Bits of Neanderthal DNA have been found in a cave in northern Spain where 11 Neanderthals were murdered about 49,000 years ago and then cannibalized. Geneticists like Professor Church believe it may be possible to create a Neanderthal person by implanting a stem cell with Neanderthal DNA into a human blastocyst and then keeping all the non-Neanderthal cells from developing. Of course, just as does embryonic stem cell research, this requires eliminating human life and is opposed by many, like myself, for this reason.

But there are other reasons to balk at cloning a Neanderthal. Church, himself, acknowledges that anyone cloned would lack the social and environment factors that shaped the original: "They would be something new," he says, "neo-Neanderthals." "This is a species-altering event. It changes the way we are creating a new generation," says Lori Andrews, a professor at Chicago-Kent College of Law. Archeology notes that "legal precedent in the united States seems to be on the side of Neanderthal human rights"...one of which would certainly be the right not to be experimented on. This might make moot Professor Church's desire to use a cloned Neanderthal to further medical research.

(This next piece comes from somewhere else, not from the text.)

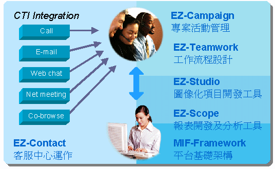 EZactor客服中心CRM平臺系統(tǒng),以MIF-Framework模塊為平臺基礎(chǔ)架構(gòu),在該強大之穩(wěn)定架構(gòu)上以EZ-Contact模塊作為客服中心運作核心,另外延伸有EZ-Campaign、EZ-Teamwork、EZ-Scope、EZ-Studio等模塊,分別提供營銷活動管理、工作流程設(shè)計、數(shù)據(jù)統(tǒng)計與分析、項目開發(fā)工具等功能,全面滿足客服中心運行之需要。

Archeology quotes Bernard Rollin, a bioethicist and professor of philosophy at Colorado State University who believes "the problem lies in how that individual would be treated by others." Rollin says, "I don't believe it is fair to put people...into a circumstance where they are going to be mocked and possibly feared, and this is equally important: it's not going to have a peer group. Given that humans are at some level social beings, it would be grossly unfair."

In the end, Archeology poses the question: "The ultimate goal of studying human evolution is to better understand the human race. The opportunity to meet a Neanderthal and see firsthand our common but separate humanity seems, on the surface, too good to pass up. But what if the thing we learned from cloning a Neanderthal is that our curiosity is greater than our compassion (remember, as Archeology states, the number of sick and dead individuals produced by nuclear transfer cloning is the reason nearly all scientists are opposed to human reproductive cloning") ?"

More likely what's learned (or relearned) would be that our technological know how is greater that our wisdom.